See Designing Filters for High Performance.

The simple LUT-based DPD is initialized with a third-order polynomial.

Top-Level Design

The top-level design contains the device-level subsystem and five downsample and spectrum analyzer blocks from MathWork's DSP System Toolbox. These blocks show the spectral output from the various stages of the up-conversion chain.

Figure 56. Top-Level Design

Digital Up Converter

The digital_up_converter subsystem is the device-level subsystem. It contains all of the design's DSP Builder-based components and two gaps for HDL Import blocks.

Figure 57. Digital Upconverter

Buffer and Upsample

This scheduled subsystem contains two SharedMem blocks, which contain the 20 MSPS baseband source: one for the real part of the signal and one for the imaginary part. You can write to the blocks via the bus or use the preloaded tones.

The read_counter block drives the upconversion. It counts modulo 32 because it upsamples the 20 MSPS baseband by 4 to 80 MSPS and then holds each sample for 8 clock cycles at a clock rate of 640 MHz. The FIR filter accepts one sample every eight cycles. By holding the samples, the FIR does not need synchronization logic.
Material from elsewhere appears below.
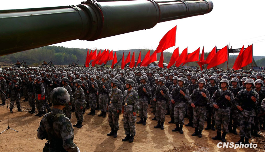 解放軍濟(jì)南軍區(qū)“前鋒-2009A”軍事演習(xí),將于10月21日在某合同戰(zhàn)術(shù)訓(xùn)練基地舉行,參加演習(xí)部隊10月20日組織戰(zhàn)前動員。這次演習(xí)主要是由兵力兵器數(shù)量規(guī)模向信息火力效能聚優(yōu)轉(zhuǎn)變、指揮的重心由主攻方向上的重點突破向作戰(zhàn)關(guān)節(jié)要害的體系毀癱轉(zhuǎn)變、火力的運(yùn)用由概略粗放決策向科學(xué)精細(xì)籌劃轉(zhuǎn)變、協(xié)同的重點由地面步坦行動向陸空火力協(xié)調(diào)轉(zhuǎn)變、行動的控制由時間位置推進(jìn)量向效果態(tài)勢達(dá)成度轉(zhuǎn)變、作戰(zhàn)的目的由殲敵奪地向控要制權(quán)轉(zhuǎn)變。 中新社發(fā) 宋吉河 攝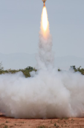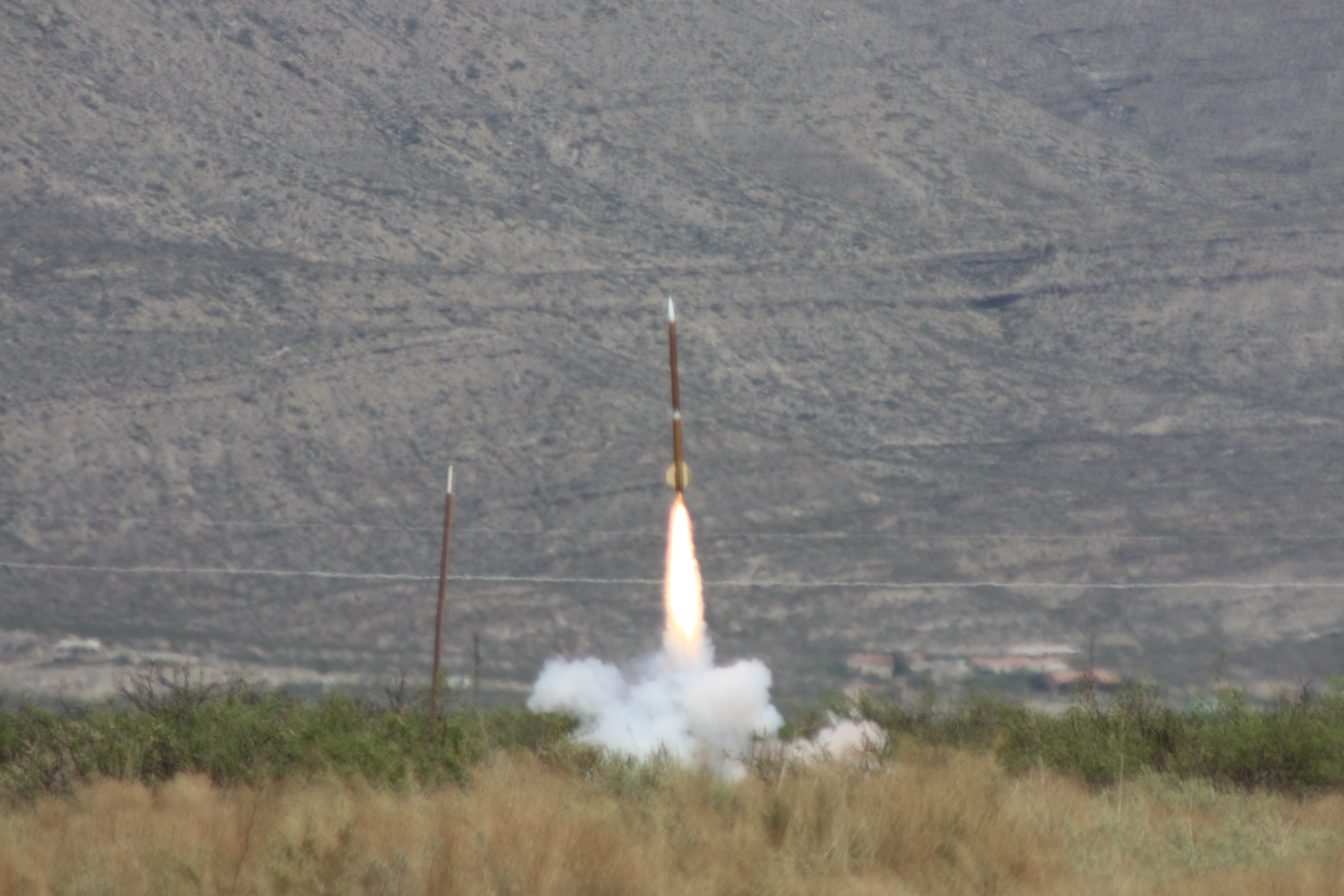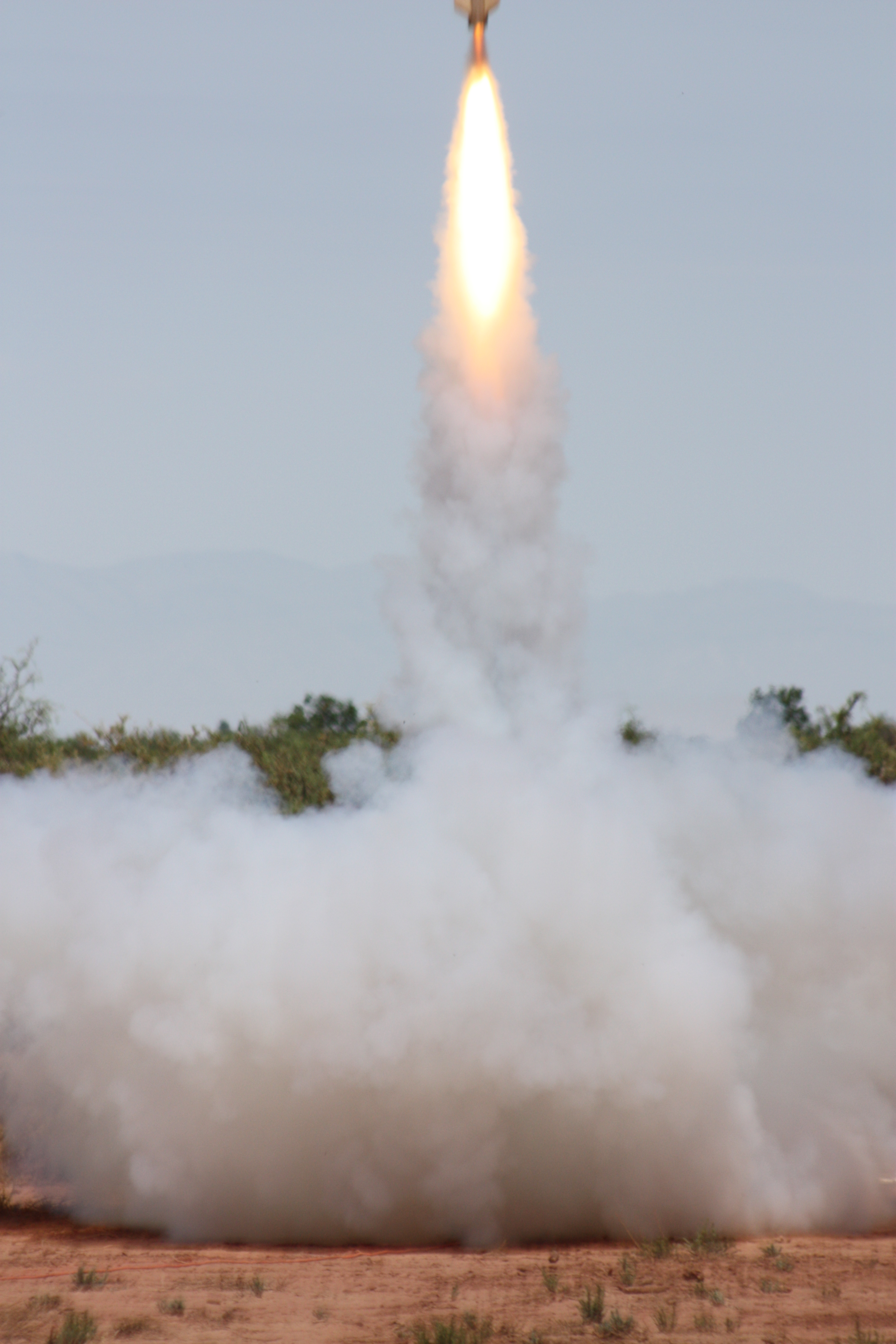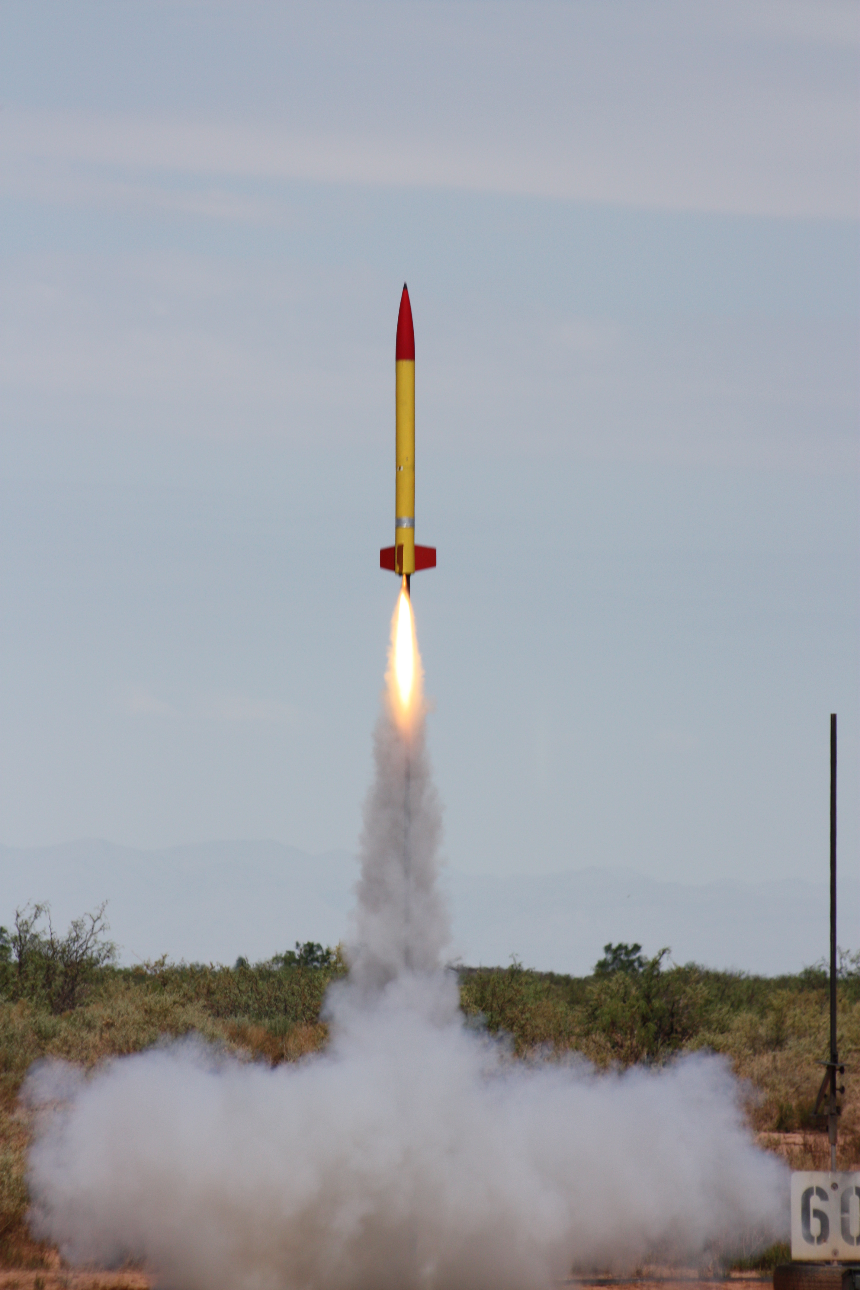 This was my first attempt at taking a picture of a rocket flying Aerotech's 'Warp 9' propellant. This was my Sacraficial Lamb rocket on an H999. At 1/400 of a second, it still is blurry...

Figure 58. Buffer and Up-Sample

Mixer

This single-channel mixer consists of NCO and ComplexMixer IP blocks and a scheduled subsystem for controlling the NCO. The control subsystem asserts the valid signal once every eight cycles. The NCO generates a 16 MHz complex tone, which the ComplexMixer uses to mix the filtered signal.

Figure 59. Mixer

Scale

The scale scheduled subsystem scales the data so that it fits within the DPD's range of operation by bit-shifting from the mixer's output. You can use the optional multiplier for increasing the signal level if bit-shifting is insufficient.

Figure 60. Scale

FIR Coefficients

The FIR coefficients are defined in coefficients.vhd.

The coefficients are calculated in hdl_import_calc_fir_coefs.m. This script uses MATLAB’s cfirpm command to create complex coefficients.

DPD

The file lut_dpd.vhd contains the DPD for this design example. The DPD consists of an address generator that indexes a LUT. The output of the LUT is then multiplied with the complex input data. The LUT contents are calculated in hdl_import_calc_dpd_coefs.m. This script uses a simple, real-numbered, third-order model of an amplifier to calculate predistortion coefficients. DSP Builder uses these coefficients to calculate the LUT contents.

Simulink Simulations Results

Figure 61. Simulation

The first four waveforms are the real and imaginary input and output of the FIR. The FIR smooths the zero-padded signals.

The next four waveforms are the real and imaginary input and output of the the DPD.

Figure 62. Upconverted

The two preloaded memory signals are clearly visible about 0, as are their four aliases because of the zero-insert upsampling.

Figure 63. Filtered

The aliased signals are attenuated by 40dB, as expected from the analysis in calc_fir_coefs.m.

Figure 64. Mixed

The mixed spectrum shows the baseband signal moving over to be centered on 16 MHz. This view shows the Simulink clock rate of 1 Hz rather than the FPGA clock rate of 640 MHz, so 16 MHz becomes 25 mHz.

Figure 65. Scaled

Scaled looks identical to mixed, except that the signal amplitude is much greater.

Figure 66. Output

The post-DPD output signal is a noiser version of the scaled signal. Observe the two third-order harmonics in the pass-band.